*WORK REQUEST*: Exactly the lines from the one containing "Δημοσιεύουμε κάλεσμα της" through the final line of the data below, with pictures omitted, make up the answer.

*DATA PROVIDED*:

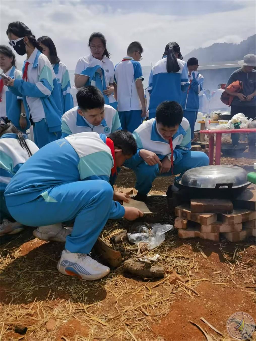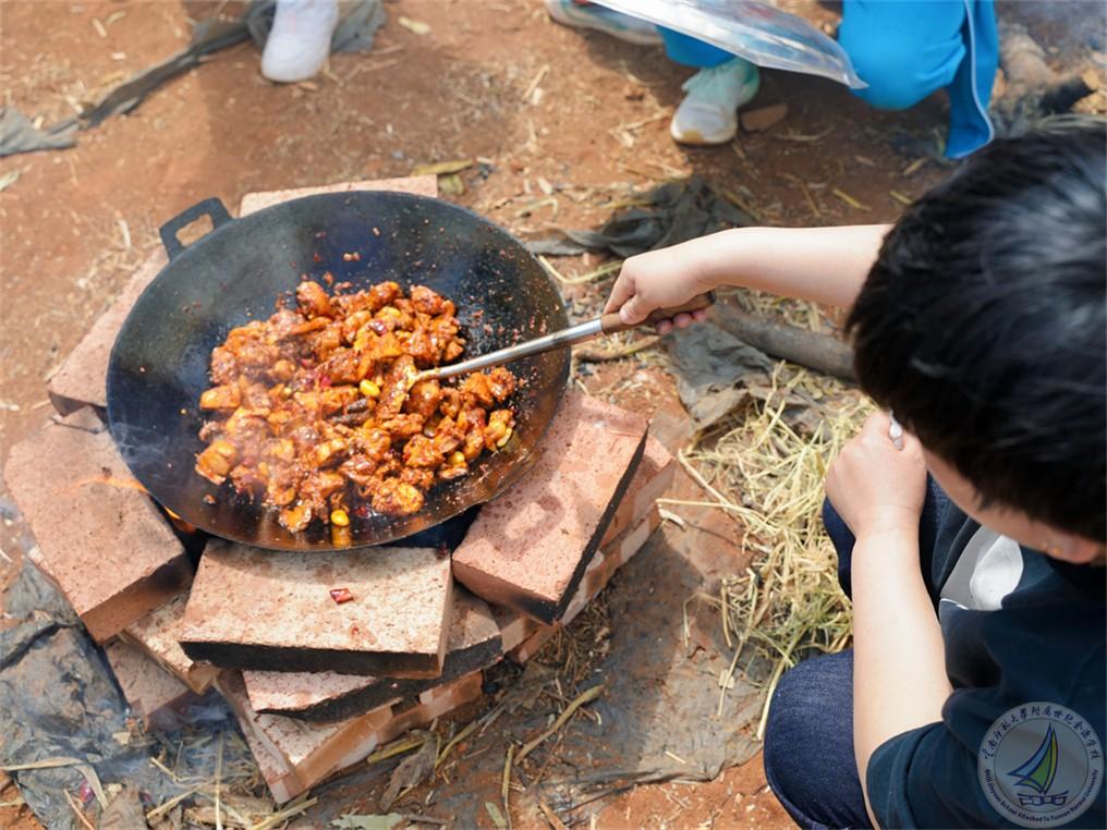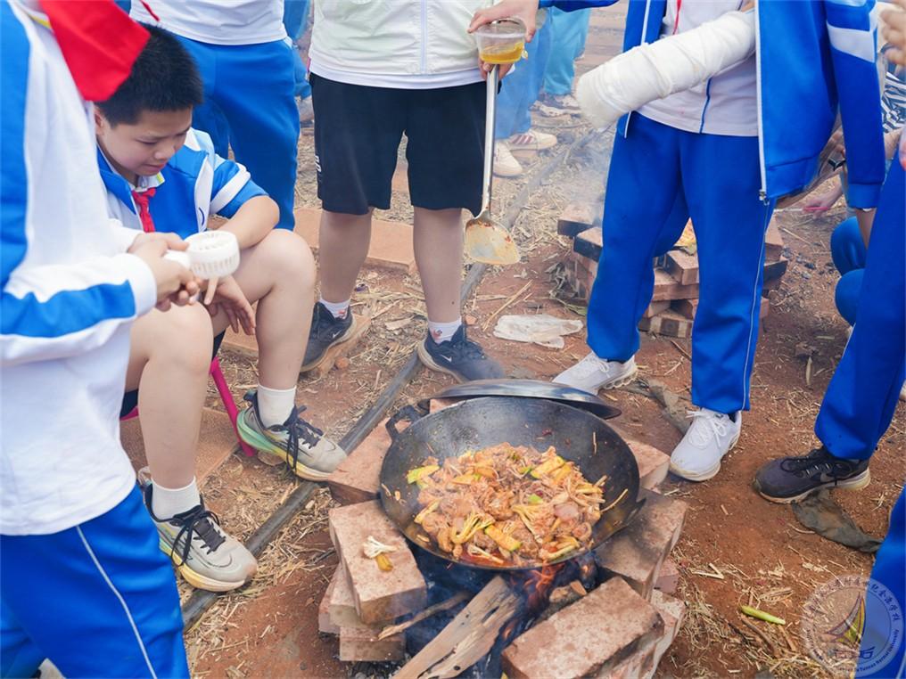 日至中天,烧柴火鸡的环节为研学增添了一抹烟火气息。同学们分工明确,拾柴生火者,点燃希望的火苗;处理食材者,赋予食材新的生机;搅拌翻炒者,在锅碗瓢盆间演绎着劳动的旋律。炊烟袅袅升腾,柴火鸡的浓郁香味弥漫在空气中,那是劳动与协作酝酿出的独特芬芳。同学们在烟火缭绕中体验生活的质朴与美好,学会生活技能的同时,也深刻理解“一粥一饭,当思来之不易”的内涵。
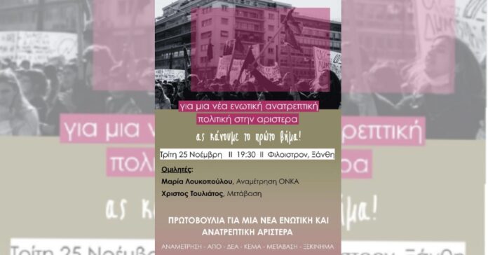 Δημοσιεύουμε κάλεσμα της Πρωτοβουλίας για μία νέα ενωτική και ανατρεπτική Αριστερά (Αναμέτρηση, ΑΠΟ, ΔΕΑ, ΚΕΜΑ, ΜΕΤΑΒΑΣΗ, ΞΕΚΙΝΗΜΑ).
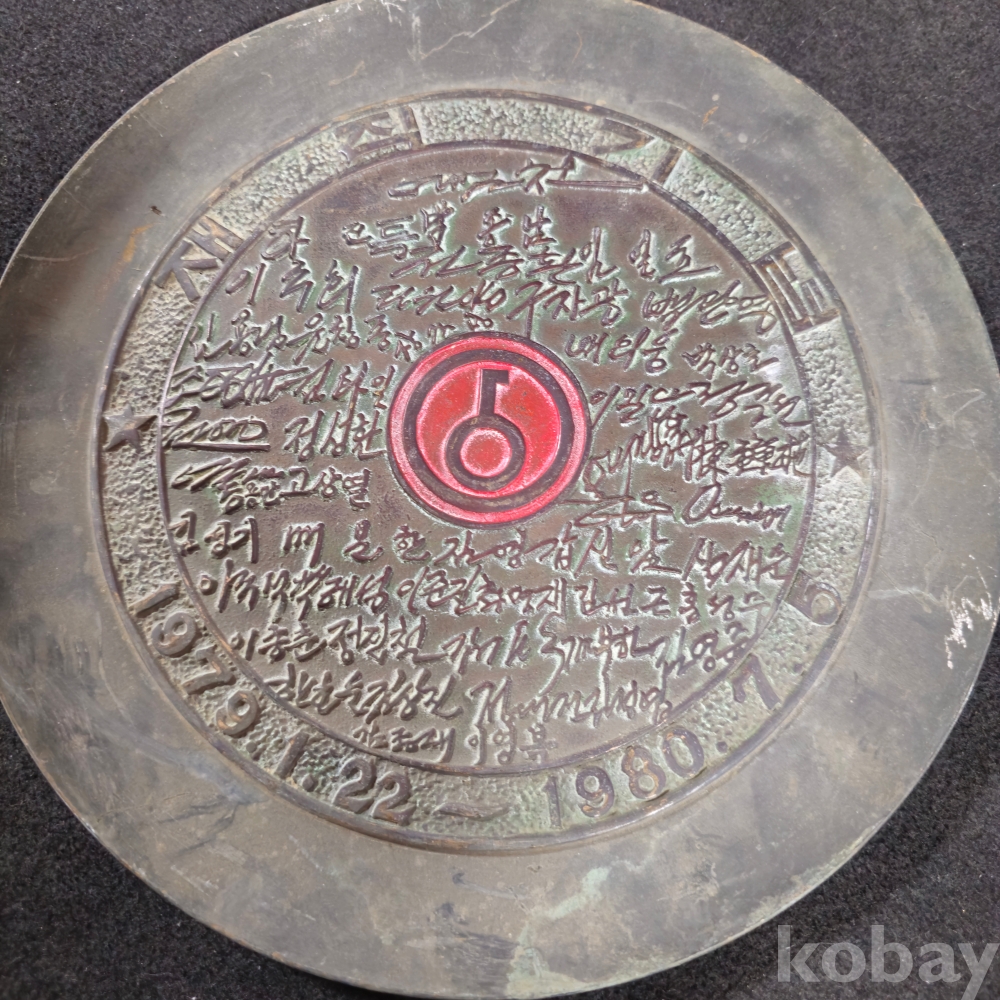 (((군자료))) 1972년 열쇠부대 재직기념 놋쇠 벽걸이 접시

*EXPECTED ANSWER*:
 Δημοσιεύουμε κάλεσμα της Πρωτοβουλίας για μία νέα ενωτική και ανατρεπτική Αριστερά (Αναμέτρηση, ΑΠΟ, ΔΕΑ, ΚΕΜΑ, ΜΕΤΑΒΑΣΗ, ΞΕΚΙΝΗΜΑ).
 (((군자료))) 1972년 열쇠부대 재직기념 놋쇠 벽걸이 접시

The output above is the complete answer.